Batang – Badan Kesatuan Bangsa dan Politik (Kesbangpol) Kabupaten Batang, Jawa Tengah, mencatat puluhan warga di sana terpapar terorisme. Empat di antaranya meninggal saat penangkapan petugas.
“Total ada 20 orang yang terpapar, untuk 16 lainnya statusnya ditahan, atau narapidana terorisme. Empat lainnya meninggal saat penangkapan,” kata Kepala Badan Kesbangpol Kabupaten Batang Agung Wisnu Bharata di Batang, Senin (20/2/2023).
Dia menyebut metode penyebaran ideologi anti-Pancasila dilakukan melalui kegiatan organisasi dan unit kegiatan kepemudaan sebagai pintu masuk pengenalan terhadap radikalisme.
“Kemudian, ada media sosial juga digunakan untuk menyebarkan paham di kalangan anak muda. Lalu sering memanfaatkan organisasi dan unit kegiatan kepemudaan sebagai pintu masuk pengenalan terhadap radikalisme. Namun untuk di sekolah-sekolah belum terdeteksi,” ungkapnya.
Dia memastikan 20 warga Kabupaten Batang itu berstatus teroris, bukan sekadar radikal. Sebab, meski seseorang berpaham radikal tapi belum tentu teroris. Radikalisme adalah proses transformasi menuju paham yang ekstrem. Sedangkan terorisme bersifat menghalalkan segala cara misalnya bunuh diri dianggap jihad.
“Untuk wilayah yang terdeteksi jadi kantong penyebaran ajaran radikalisme ada di enam kecamatan,” ujarnya.
Pemkab Batang sendiri melakukan penanganan radikalisme bersifat lunak dan preventif. Sedangkan untuk kelompok yang rentan terpapar radikalisme, antara lain kaum muda atau milenial.
“Jadi tidak hanya itu, tapi juga kelompok yang memiliki kesenjangan sosial, ekonomi, kelompok marginal atau termarginalisasi,” ungkapnya.

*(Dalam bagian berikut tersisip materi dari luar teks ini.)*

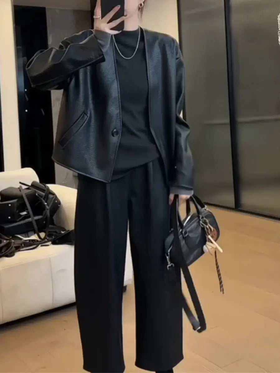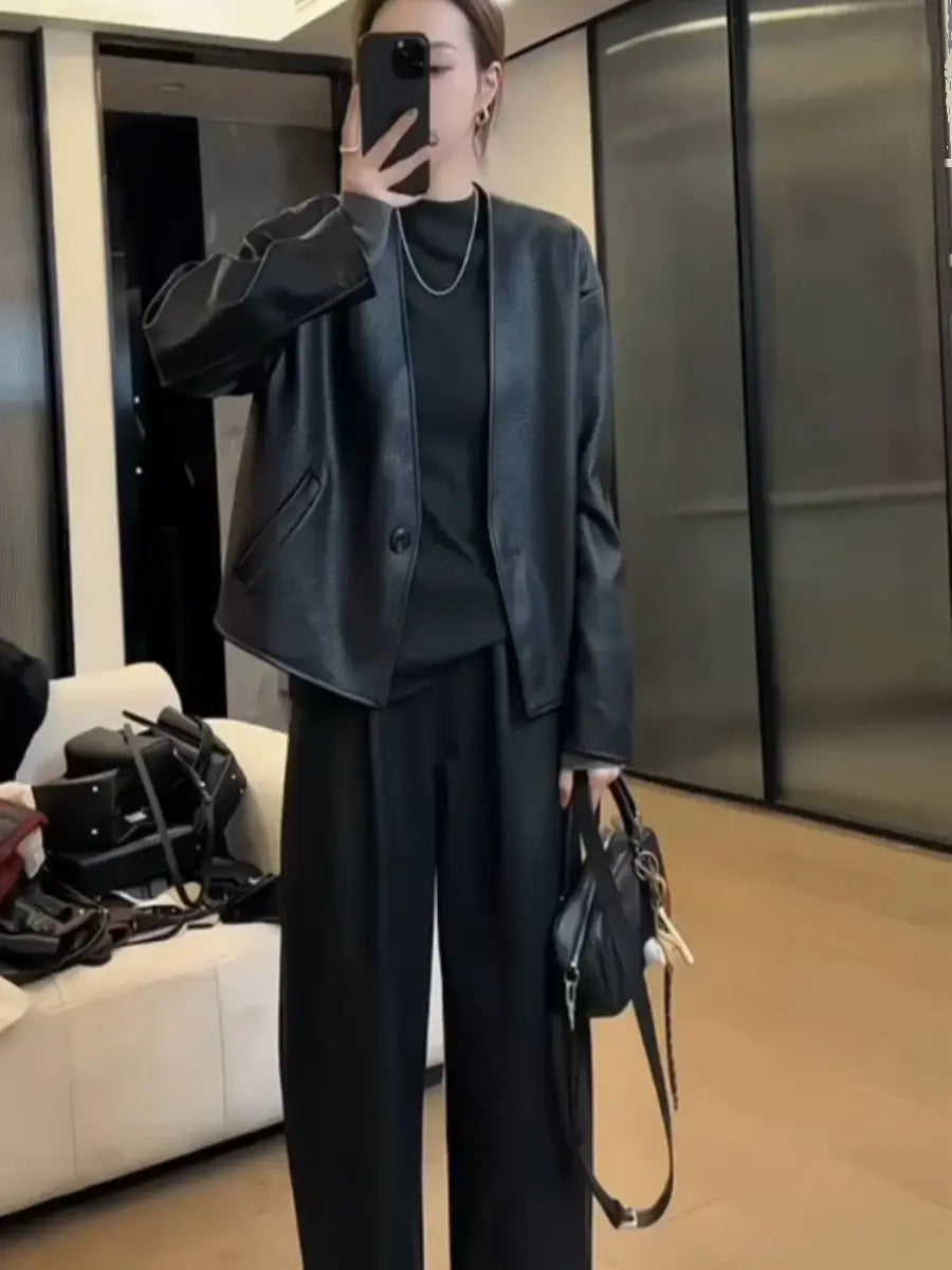 Black Short Pu Jacket For Women 2025 Spring And Autumn New Collection One Button Fashion Versatile Jacket Top
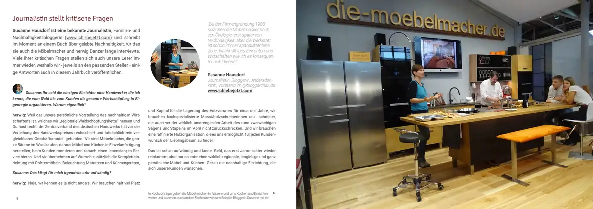 Auf stolzen 74 Seiten zeigen wir in unserem Möbelmacher-Jahrbuch 2019 unserer Einrichtungsarbeit vom Wald bis zum Kunden mit dem Schwerpunkt auf Nachhaltigkeit.
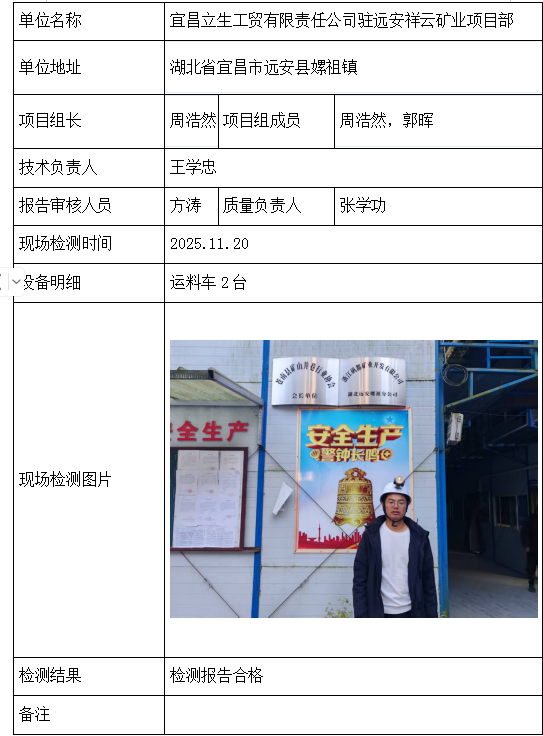 宜昌立生工贸有限责任公司驻远安祥云矿业项目部2026/04/102025年检测检验项目 20 上一篇: 浙江矾都矿业开发有限公司驻远安祥云矿业项目部下一篇: 钟祥市秦冲磷矿 相关推荐 长阳县勒石包方解石矿 2026/04/10 7 查看全文 大冶市灵乡正旺铁矿二采区 2026/04/10 4 查看全文 大冶市陈贵安船矿业有限公司 2026/04/10 9 查看全文 保康楚烽化工有限责任公司(楚烽磷矿) 2026/04/10 6 查看全文 您好!请登录 点击取消回复 称呼: 邮箱: 点击这里取消回复。
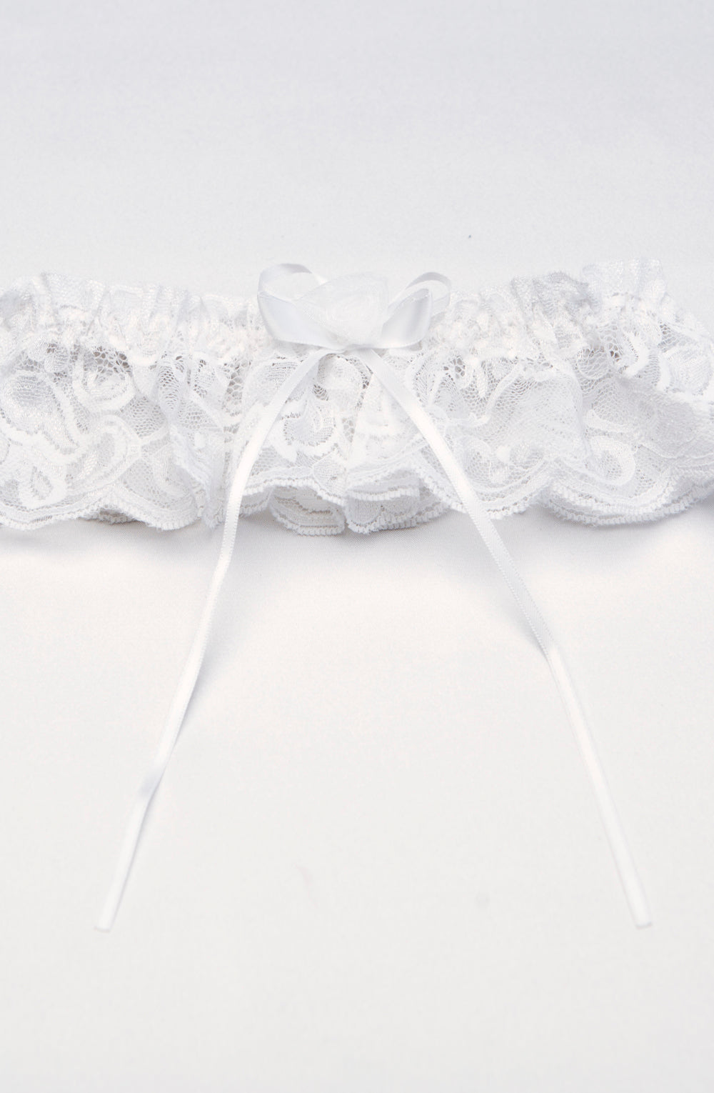 Pretty lacy leg garter with soft satin trim and white lace on top and bottom.
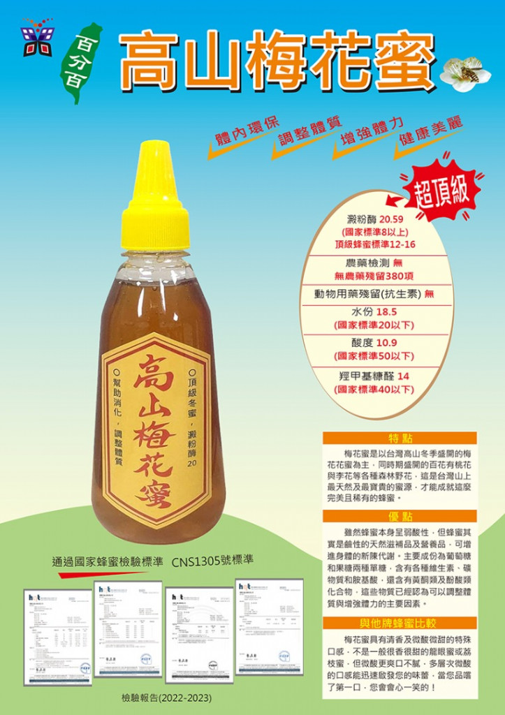 梅花蜜是以台灣高山冬季盛開的梅花花蜜為主,同時期盛開的百花有桃花與李花等各種森林野花,這是台灣山上最天然及最寶貴的蜜源。

Kasi Intel Kejari Batang, Ridwan Gaos Natasukmana mengatakan pengertian hukum radikalisme dalam Undang-Undang Nomor 5 tahun 2018 tentang Perubahan atas UU Nomor 15 Tahun 2003 tentang Penetapan Peraturan Pemerintah Pengganti Undang-Undang Nomor 1 Tahun 2002 tentang Pemberantasan Tindak Pidana Terorisme menjadi Undang-Undang.
Di situ dijelaskan radikal adalah setiap upaya membongkar sistem yang sudah mapan yang sudah ada dalam kehidupan bernegara dengan cara kekerasan.
“Menurut hukum, radikalisme adalah suatu tindakan kekerasan untuk anti-Pancasila, anti-NKRI, anti-Kebhinnekaan dan intoleransi, sehingga semua orang yang berbeda dengannya dianggap salah,” tutup dia.